BART holds the shattered leg until the humming fades away and nods to the very corner of the bar.
“He attacked me.”
She gets up and walks to the corner and looks down at the almost mummified corpse and the broken baseball bat.
“It was an accident. I didn’t mean to...”
She turns her back on it and moves towards him. He blinks. She runs a finger over his damaged face. She now has a faint red line in the same place on her own cheek.
“Fuck him. This can be fixed. The leg too. You’ll need it to keep up.”
She jumps over the bar in a single fluid movement. BART, confused, takes her seat and stretches out the broken leg.
“Keep up?”
She’s looking under the bar. suddenly excited.
“Like I said we have a lot in common. We’ll charge by day, move at night. Couple of days to the coast, a boat and then...”
“You’ll eat them?
She looks genuinely shocked as she places an empty shot glass in front of him.
“I’m not a pig. We’ll help them get on their feet. All that stuff in your head will finally come in handy. Plus I’ve learned a thing or two over the years. They’ll thrive.”
She messily pours bourbon over the two glasses, passes him one and spills even more as she clinks hers into his.
“And then I’ll eat them.”
The vampire downs her drink as the robot looks at his. They’re both smiling now.
Outside morning has found the square but with the blinds down it’s still mostly dark inside the
bar apart for four faint glows.
Two red. And two green.
END
I like those two. We may see them again if you dig this outing. Remember that these stories at most get a second draft out of me so please excuse that they’re a tad long and a little rough round the edges. I’m still finding my stride in this space and I’m also using you to throw work at that would normally just sit on a hard drive somewhere. I’m just glad it finds a home and a couple hundred readers or so.
I’m grateful to everyone who used this link to buy me a coffee following the last newsletter. I actually converted it into much needed midnight pizza so thank-you. In return here’s a tip for a cool little French action flick that’s about to take off. It seems to be playing on Netflix in most regions and they just green-lit a sequel. Shot in 38 days you can just tell they had fun making this one. The trailer is great, but you may wanna skip it as its designed to make you think you’re gonna get The French and The Furious which it really isn’t. It’s worth watching for the police station scene alone so go watch it before Jason Statham gets his hands on the remake.

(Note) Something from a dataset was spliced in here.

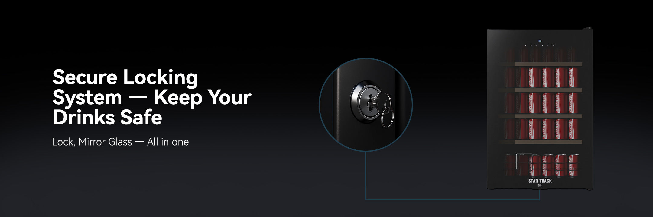 تخزين آمن مع قفل: لراحة بالك، يضمن قفل الأمان المدمج حماية مجموعتك من الوصول غير المرغوب فيه. سواءً في مساحة مشتركة أو في بار منزلي، ستبقى مشروباتك آمنة وخصوصية.

In an early draft of this newsletter I started talking about some of my favourite police station take-down scenes. It’s one of those weird movie buttons that when pushed makes me lean forward and grin. I think its the pure audacity involved when a character or characters enter a place that is designed to mean GAME OVER and instead hit LEVEL UP. I have a bunch of these buttons, but I think I’ll talk a little more about this particular one in 003.
Seeing as we all seem to be finally sitting in line for vaccinations I thought I’d finish up with a jab of Serj straight into your punching arm.
Her name is Aleksandra Bortich.
Right. Ten days. Less even. See you then.
Sizemore.
I love The Hot Rock! The scene where they're testing explosives has made it into a few places (unless they stole it from The Italian Job?), as has the elevator hypnosis. And of course Sneakers was compared to it on release.
Will have a look at Lost Bullet, looks fun.
Shortwave is great! In the first couple of paragraphs I was thinking this should have been a Merica Adams story but Samantha is much better, I can't decide if there's more or less moral ambiguity.
I look forward to more, in your own time (tenish days?).